12 December 2012

What Melbourne loved in 2012, part 5

Today it's Miles O'Neil, Stephen Nicolazzo and Shannon Woollard.

Stephen says how his experiences in 2012 "have changed me and allowed me to find a platform to express myself without censorship or fear".

The artists who break through the fear and trust that their unique voice is the only way to tell their story are the ones who keep appearing in favourite moments. So, on 12/12/12, let's declare our creative mantra for 2013: "Without censorship or fear".

Miles O'Neil
performer, singer, story teller


photo by Telia Nevile

MILES:
My favourite theatre experience was The Last Tuesday Society's Pimp My Play-A Streetcar Named Desire, some night in September at the Melbourne Fringe Hub. It was a beautifully run night full of wonderful performers trying things. I always love a Black Lung short piece, and a dance from Gabi Barton and Vachel Spirason. Finish it off with a conga line from Lessons with Luis and the sweet voice of Simone Page Jones and get Bron Batten serve it up with a bit of cream and a cherry on it and you've got my theatre sweet treat of 2012.

SM: Miles, Jof and Glen left me hurting in The Suitcase Royale's Zombatland with its giant zombie wombats and pineapple doughnuts, but my moment is my ongoing meeting with Miles and Simone Page Jones in my car. In November, Miles and Simone released the most fucking gorgeous album: Home in Your Heart. Its ten original songs are melancholic but filled with hope and a love that's so close you can touch it with your fingertips. Each song draws you into its story and world, and the rather exquisite recording sounds like they're sitting next to and singing just for you. You can listen to three tracks here, then buy it  here.

photo by Pierre Baroni 


director


STEPHEN: Summertime in the Garden of Eden was the only theatrical experience of the year that inspired me to carry on as an artist and engage. Sisters Grimm are a unique force and, though I am biased, I feel that their work is intelligently crafted, razor sharp and odious in a way that not much theatre in Australia has been for many years. Having said that, my personal aesthetic and interest is completely present in their work, so it is a matter of taste and appreciation that influences my decision here.

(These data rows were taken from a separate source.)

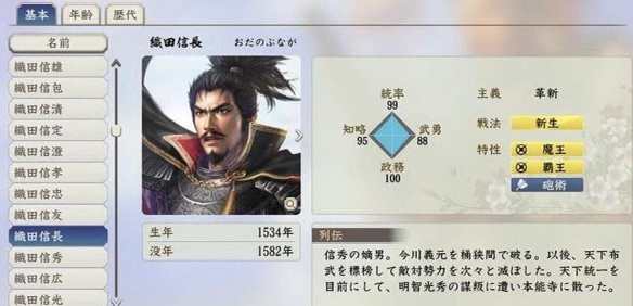 信長,魔王(部隊能力上升,估計是全能力小~中幅度上升)霸王(對郡瞬時壓制)炮術(部隊鐵炮lv上升?本代看著沒兵種區分了,估計要靠疊政策和特性體現兵種),戰法:新生(攻擊上升?)
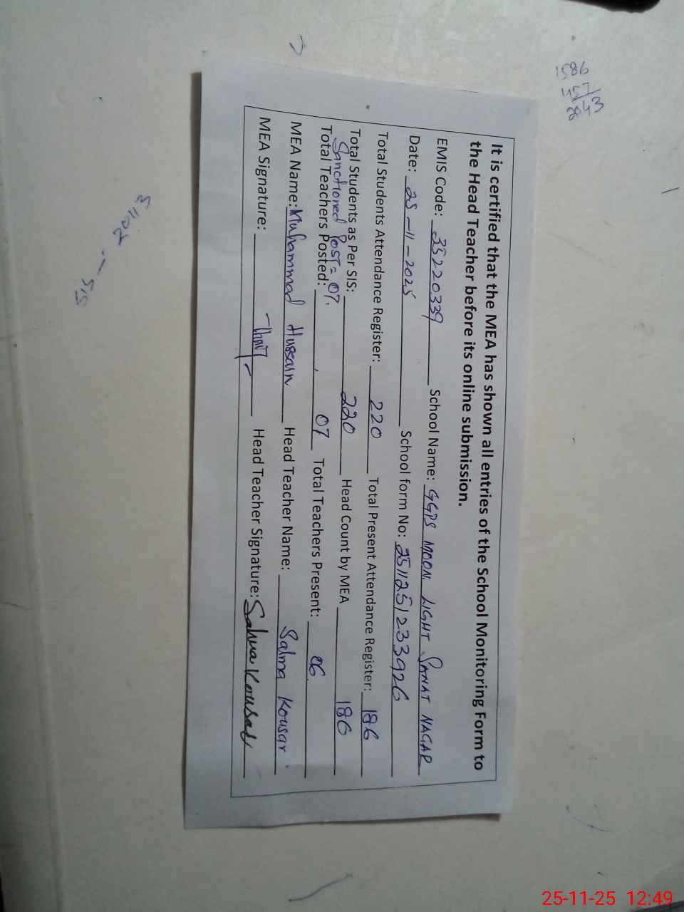 | Certified that this School was Inspected by the Undersigned MEA/DMO Today and the Information Stated Above is as Per Record. | |||||
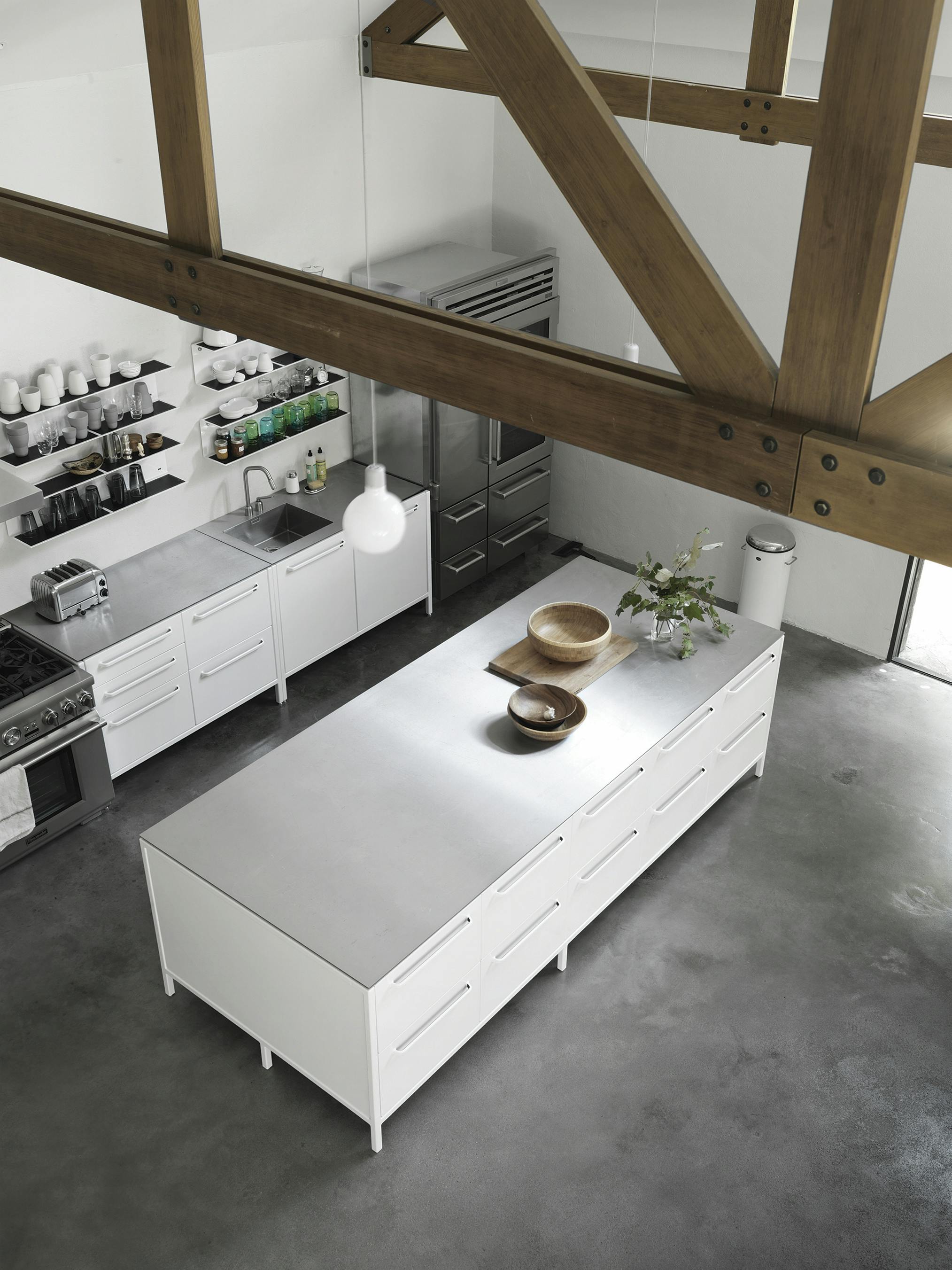 Til spørgsmålet om, hvorfor Marcus Wainwright valgte den hvide køkkenø fra det danske brand Vipp, svarer han:

I also loved Matt Lutton's production The Misconception of Oedipus and The Rabble's showing of The Picture of Dorian Gray at Theatre Works. Both of these pieces dissected the literary in such a magical theatrical way that I couldn't help but wonder how on earth the creatives involved had orchestrated these events.

This year was also a really big year for me as I had returned to Melbourne after many years living in Sydney and finally got a chance to produce the work I have always wanted to make.

MKA'S sex.violence.blood.gore and now Psycho Beach Party have changed me and allowed me to find a platform to express myself without censorship or fear.

I also concur on the praise for Sarah Walker's photography this year. She really has captured the diversity and brevity of theatre in Melbourne unlike any other and hopefully will continue to document the contemporary history of our new theatre makers for years to come. I love her so much I flew her up to Sydney to shoot photos for Psycho Beach Party. I recommend every one to do this.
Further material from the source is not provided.